Lets take a hypothetical scenario and see how memory allocation happens in memcache.
- Start the memcache server with 100MB of space. It requests 100MB of heap space from the OS and starts to manage it. It starts creating 1 page of each slab class. The remaining memory is reserved with out partitioning.
- When client starts inserting key value pairs to the server, it uses the above created slabs to allocate.
- Once all the chunks in a particular slab are used, another page is created from the unused memory and assigned to that particular slab class.
- One of the interesting consequence of allocating space like this is on the working of LRU algorithm. Lets take another hypothetical scenario to understand this.
- Just like previous scenario, lets start the memcache server with 100MB space. It initializes the memory.
- Say the client starts to insert only 128 bytes key value pairs until all of 100MB is used up.
- Then client inserts a key value pair with 1MB. It uses the already created page of the slab class with 1MB chunk size.
- If the client inserts another 1MB key value pair, then memcache evicts the previously inserted 1MB key value pair. Even though there are many 128 bytes key value pair that were inserted before 1MB key value pair.
- From the above scenario it is clear that LRU is applied per slab class
Some of the major short comings of memcache for our use cases:
- Horizontal scaling – Whenever a new machine needs to be added for horizontal scaling, key ownership changes unless applications or client libraries are using consistent hashing.
- Availability – When a memcache server crashes or not available due to n/w partition, cache is not available. A way to solve this problem is by replication. But when replication is introduced another challenge that arises is consistency.
- Persistence – This is not a design goal for memcache.
Membase took a different approach to solve all of the above 3 problems with single solution (called vBucket). Before describing the internals of vBucket, lets start with some of the design goals membase aimed to achieve:
- Never service a request on the wrong server.
- Allow scaling up and down at will.
- Servers refuse commands that they should not service, but
- Servers still do not know about each other.
- We can hand data sets from one server to another atomically, but
- There are no temporal constraints.
- Consistency is guaranteed.
- Absolutely no network overhead is introduced in the normal case.
To achieve above design goals, Membase has cluster management server called ns_server (north scale server) written in Erlang.
Now, back to vBuckets. A vBucket is conceptually a computed subset of all possible keys.
One could think of it as 2-level hashing with first level of hashing computed dynamically and second level mapped statically. The number of vBuckets in the cluster remains constant and it is independent of the cluster topology. This means a key say x maps always to same vBucket as long as the same hash function is used.
This is a nice architectural pattern to achieve the effects of consistent hashing, without implementing a consistent hashing algorithm.
There are few terms that needs to be defined before vBucket implementation can be explained.
Cluster : A collection of membase servers.

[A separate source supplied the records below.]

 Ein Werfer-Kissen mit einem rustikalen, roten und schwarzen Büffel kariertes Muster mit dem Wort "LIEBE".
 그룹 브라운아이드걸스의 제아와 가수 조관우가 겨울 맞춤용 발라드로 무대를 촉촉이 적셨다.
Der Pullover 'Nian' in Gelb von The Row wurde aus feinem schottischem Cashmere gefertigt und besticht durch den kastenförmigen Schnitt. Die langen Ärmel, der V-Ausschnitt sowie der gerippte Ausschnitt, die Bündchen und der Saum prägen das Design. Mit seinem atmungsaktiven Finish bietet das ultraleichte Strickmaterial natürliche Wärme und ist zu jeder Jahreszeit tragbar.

Server : An individual machine within the cluster.
vbucket : A subset of all possible keys.
Also a vBucket can be in any one of the following states:
Active : This server is servicing all the request for this vBucket
Dead : This server is not responsible for this vbucket.
Replica : Receives only replication commands but does not server any clients.
Pending : This server will block all request for this vBucket.
Let us look at the vBucket state transitions and how horizontal scaling is achieved by this.
Initially membase cluster contains a single server. Typically the number of vBuckets in a deployment vary b/w 1024 to 4096. The max number of vBuckets can be 65536. For the sake of simplicity let us take 6 vBuckets.
Now lets add another server. So there is one active server & another new server.
Adding a new server will not unbalance the tree. All the vBuckets in the new server comes up in the dead state.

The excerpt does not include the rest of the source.